I have not build a docker image. I follow the reproducer instructions in the original bug report and was able to reproduce the error. After having set things up for OverlayFS I instead do:
docker run -ti fedora /bin/bash
touch /var/lib/rpm/*
yum install -y quilt
With the two later commands being executed in the container. This made the "Rpmdb checksum is invalid: dCDPT(pkg checksums): groff-base.x86_64 0:1.22.2-11.fc21 - u" error go away. This means that elevating the rpmdb in the upper layer fixes this issue. No idea how to do this for your docker build use case, though.
I am using Fedora 21 both as host and as container. 
> rpm -q docker-io
docker-io-1.6.0-2.git3eac457.fc21.x86_64
Given the nature of the issue the exact version of docker and the OS should actually not matter.
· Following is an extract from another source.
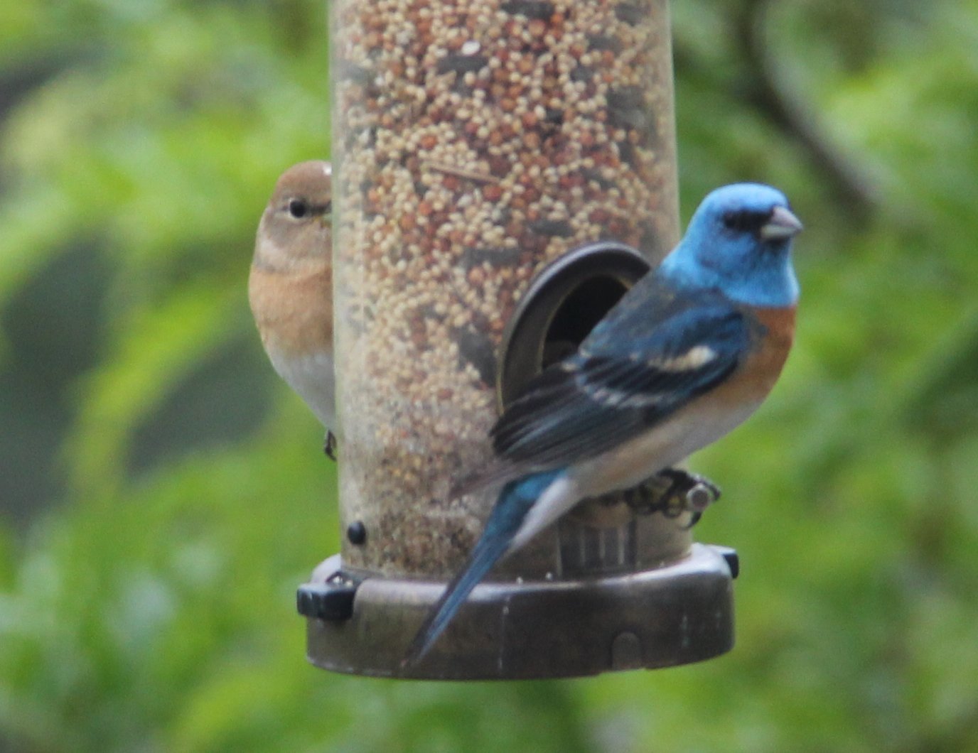Oh, in the top picture, that's shy Mrs. Lazuli Bunting hiding behind the feeder.
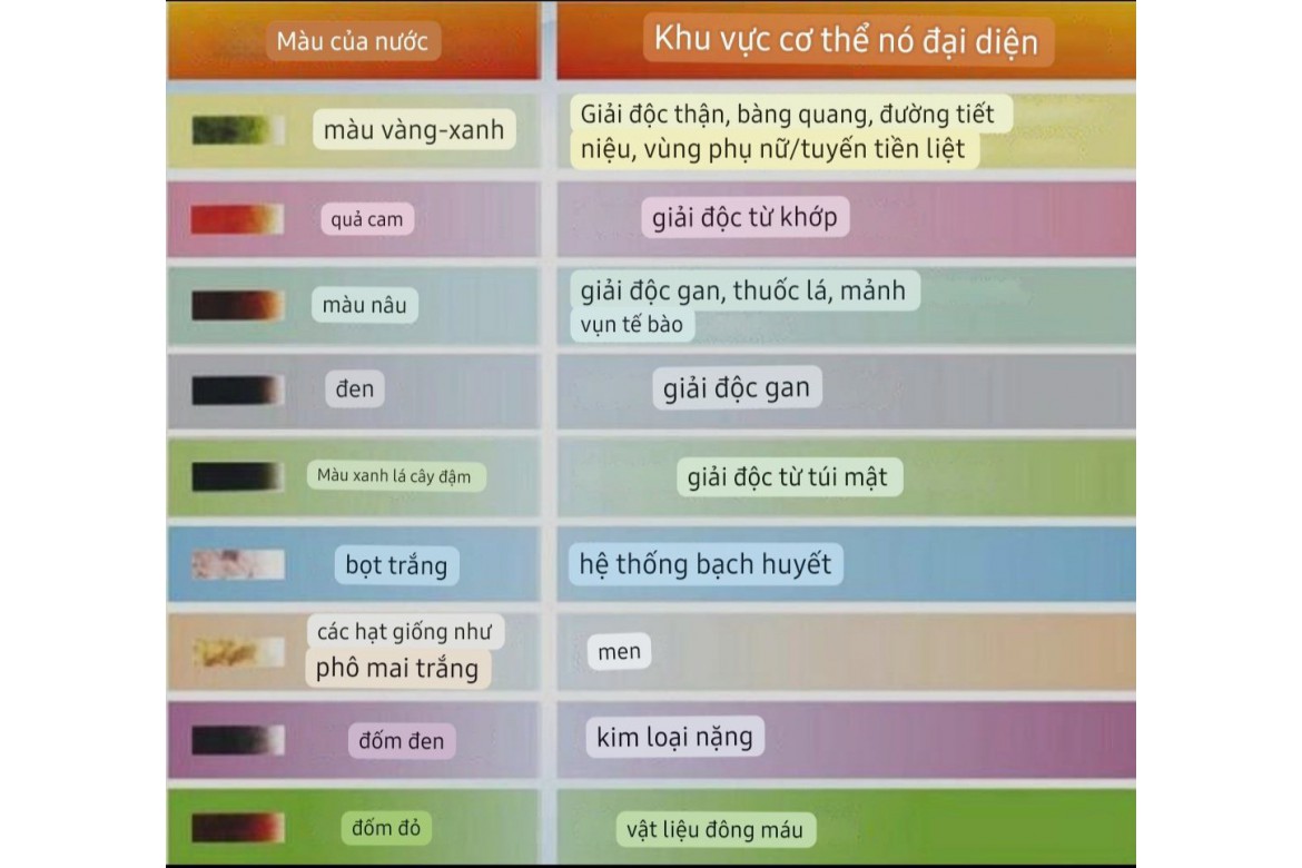Theo nguyên lý đã trình bày ở mục 1.1 thì ta có thể nhận thấy chất kết tủa trong châu chấu nằm chân đấm là chất độc thải ra từ cơ thể ngâm tẩm, bởi vì bản thân các tạp chất, nước tháo được khi phản ứng điện phân sẽ tạo ra các kết tủa. Chất độc trong người ngâm chân đấm được thải ra chỉ là một phần nhỏ trong đó. Nhưng phần lớn đó sẽ làm sự khác biệt về màu sắc của châu chấu nước ngâm giữa các người ngâm. Cố gắng màu kém theo cho mọi người so sánh và quan sát cơ thể mình sau khi thải độc. Có 1 điều càng làm ta chú ý hơn là nếu chất độc nổi trên mặt nước thì cho biết tính Axit trong cơ thể quá cao, và ngược lại chất độc chìm thì tính kiềm trong cơ thể.

I think telling people to do `touch /var/lib/rpm/*` in their Dockerfiles today makes sense. Even if this bug was fixed *today*, we'd still have RHEL6 base images, not to mention probably years of people running 7.0/7.1 images. That said, it seems really worth having someone who knows this part of the yum codebase to make it overlayfs compatible. Upstream commits:
commit 617d2d90a553f9e5bc4dfd9ab2f9c194b956fcab
Author: Valentina Mukhamedzhanova <vmukhame>
Date:   Thu Jun 25 12:53:39 2015 +0200
    ovl plugin: get rpmdbpath from conduit
commit 1555cfa6465e6e31515a86f097c8993d89c0085e
Author: Valentina Mukhamedzhanova <vmukhame>
Date:   Thu Jun 25 12:30:13 2015 +0200
    ovl plugin: fix indentation
commit 0c0b029122b476c269a4b560d9be558e69e054ae
Author: Valentina Mukhamedzhanova <vmukhame>
Date:   Thu Jun 25 12:09:52 2015 +0200
    Add plugin for overlayfs issue workaround. Patch by Pavel Odvody. BZ#1213602
I am having problems building a container when yum is used. This is the same issue mentioned in comment #9. I have opened new ticket for this issue: #1256299. yum-utils-1.1.31-28.fc21 has been pushed to the Fedora 21 stable repository. If problems still persist, please make note of it in this bug report. Since the problem described in this bug report should be resolved in a recent advisory, it has been closed with a resolution of ERRATA. For information on the advisory, and where to find the updated files, follow the link below. If the solution does not work for you, open a new bug report. https://rhn.redhat.com/errata/RHBA-2015-2129.html Is this going to be fixed for docker images that rely on CentOS 6, or will those images remain unusable if the docker server uses the "overlay" storage driver? For me, not working in Red Hat 7.2 "latest". I had to implement the workaround: RUN touch /var/lib/rpm/* in my Dockerfile, before "yum install" or similar. Note that the workaround must be run prior to yum install and in the same build layer. Tested with the CentOS 6.6 image. |